Hello! In this post, I'd like to start talking about flexibility and some things that have helped me. Since this is a very large topic to talk about and I've been working on flexibility a lot recently, you can expect to see more posts like this. I do want to get a little into what is happening in the body when we stretch...I find that interesting, and then give a little info on how I started my flexibility routine, so let's get right into it!
When we stretch, once our muscle fibers are stretched to their maximum length, connective tissue around the muscle takes up the slack and helps out. This process can actually help heal scar tissue in muscles. We also know stretching causes that signature intense sensation in our muscles, but ever wondered what causes that? Little receptors all in our muscles record how fast and how long the muscle is stretching and send this info to the spinal cord. At a certain point, your muscle is like "ok that's enough!!!" and your muscles tense up, keeping you from going further (that's called the stretch reflex). Those little receptors are why it's important to start off a stretching session slowly and to hold a stretch for more than just a few seconds. The slower you ease into a stretch, you almost kind of fool the receptors (kind of like that metaphor for boiling a frog by slowly turning up the heat of the water...it doesn't notice it happening) and decrease that resistance. Holding the stretch also decreases that reflex over time. Decreasing the stretch reflex is how some people can drop into a split like it's nothing. I don't want to bore people with a bunch of dry info, just wanted to give a few pieces of info :P
So before you even start a flexibility routine, it's important to set goals. Even if it's just one or two small things. Maybe you have a certain thing in mind (front split, middle split, maybe you just want to be able to comfortably place you hands flat on the floor) or your goal could be something more broad like sticking to a routine and seeing the various benefits. Also look at the time you have to set aside and think about how much time you want to dedicate to stretching. It doesn't have to be some super strict time schedule or for an extremely long amount of time, but you do need to practice frequently and I'd say at least have 30 minutes to dedicate to stretching (that 30 minutes is not including a warm up). Some days I stretch an hour or more and feel like I make a lot of great progress. Some days I'm extremely tired mentally and physically and I might do 30 minutes of light stretching just so I don't lose any progress. For me, a good length of time is about 50 minutes. When I first started stretching, I'd do a lot of intense stretching for a solid hour about 5 times a week and had some soreness for that first 10 days or so. Now I find if I take a rest day between sessions, I make more progress. Just goes to show how important rest is!
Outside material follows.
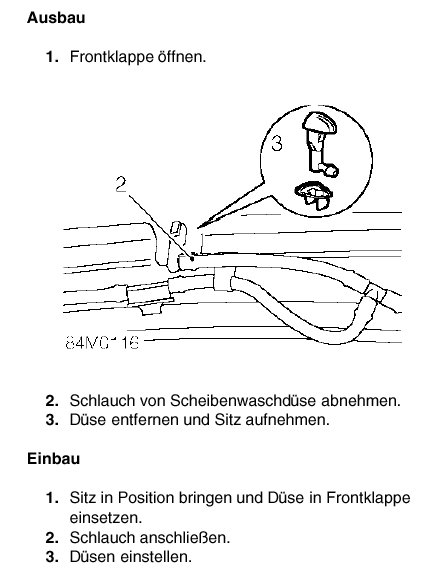 Liebe Forummitglieder, ich habe mir die Fiat Düsen wie hier im Forum beschrieben bestellt und krieg die alten jetzt nicht ausgebaut. Unter der Haube lässt sich nichts abziehen und von außen will ich nicht dran reißen. Bewegt sich nichts. Wie kriegt man die Teile ausgebaut? Das Plastikteil unter der Haube zusammen pressen bringt auch nichts, es rührt sich nichts, konnte nur den Schlauch abziehen, mehr nicht. Finde nur eine Diskussion darüber, dass es Saab, Citroën und Fiat Teile gibt, aber nicht wie die alten Teile ausgebaut werden können. Muss ich die zerstören? Schöne Pfingsten! Gunther

Ok so you've set your goals and know how much time you have in your day to set aside, so we're ready to stretch! Right? Well, almost...these next things are optional, but I think will make the whole process easier and also make it easier to see results and motivate you to continue! If you're anything like me, when you start any journey, you may feel hesitant to take before pictures/videos. You may feel embarrassed to even see the current state of your split, back bend, forward fold, etc but trust me, you will want those before pictures one day! My first progress photo I took actually is not the very first day I started stretching (I wish I had done that), but it is so satisfying now to look back and see my progress.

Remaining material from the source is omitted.